Я нашел также фотографии Сивоголовко (похож на обкуренного Шварценеггера), ксерокопию его паспорта, данные его сожительницы и гражданки Кравчук.
   Еще там была аудиокассета, которую я тут же решил прослушать. Ничего особенного: обычный телефонный разговор, мужик требует бабки, женщина испуганно оправдывается, но при этом несколько раз явно умышленно называет мужика по имени — Мишаня. Что ж, если этот Мишаня — и в самом деле майор Сивоголовко, тс материал может получиться интересный.
   Но сперва хорошо бы разобраться с этой чернявой «крошкой Цахес» Незовибатько…
   — Вынужден вас огорчить, Максим Викторович, — заявил мне с утра Спозаранник. — Про вашего адвоката… как его — Небейкопытко?… мы писать не будем. Так решил Обнорский — его полчаса обрабатывала по телефону Пафнутьева.
   Вот те раз! Железная леди Пафнутьева работала в прокуратуре, контролировала всех криминальных журналистов города и обязана была не допускать до печати ни одной публикации, которая хоть как-то могла повредить ее родному ведомству.
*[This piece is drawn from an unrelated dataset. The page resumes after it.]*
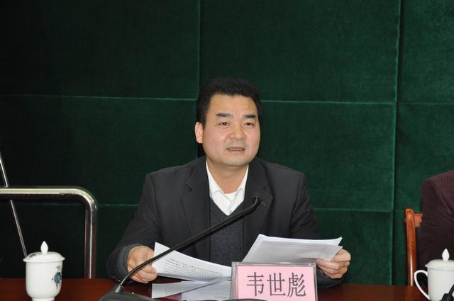 图为清新县委常委、县纪委书记韦世彪在会上讲话
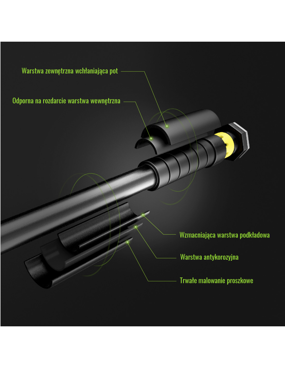 Лостът за набирания предлага много предимства, които подпомагат тренировката и осигуряват безопасност. Здравите силиконови подложки гарантират, че лентата за издърпване остава на място, докато заключващият механизъм предотвратява завъртането й. Дръжките са покрити със специален материал, който абсорбира потта и предпазва ръцете от изплъзване. Този продукт също така е устойчив на надраскване благодарение на устойчивия на корозия основен слой и прахово боядисаното покритие.

   Когда я однажды, сидя в кабинете Пафнутьевой, отпустил ей комплимент по поводу ее ножек, она испепелила меня взглядом, и с тех пор я стал ее злейшим врагом.
   Из всех сотрудников нашего Агентства с Пафнутьевой мог найти общий язык один лишь Соболин — у него вообще с прокуроршами все хорошо получалось… А по-моему, женщина-прокурор — это извращение какое-то. Все равно что мужчина-зоофил.
   — Что ей за дело до нашего адвоката? — удивился я.
   — Говорит, что прокуратура его проверяет, а публикация может помешать. В общем, это не наше дело — шеф не захотел с прокуратурой в очередной раз ссориться, тема закрыта. Похоже, ваш адвокат оказался крепким орешком.
   — Раз такая пьянка, Глеб Егорович, давайте займемся одним уродом из РУБОП…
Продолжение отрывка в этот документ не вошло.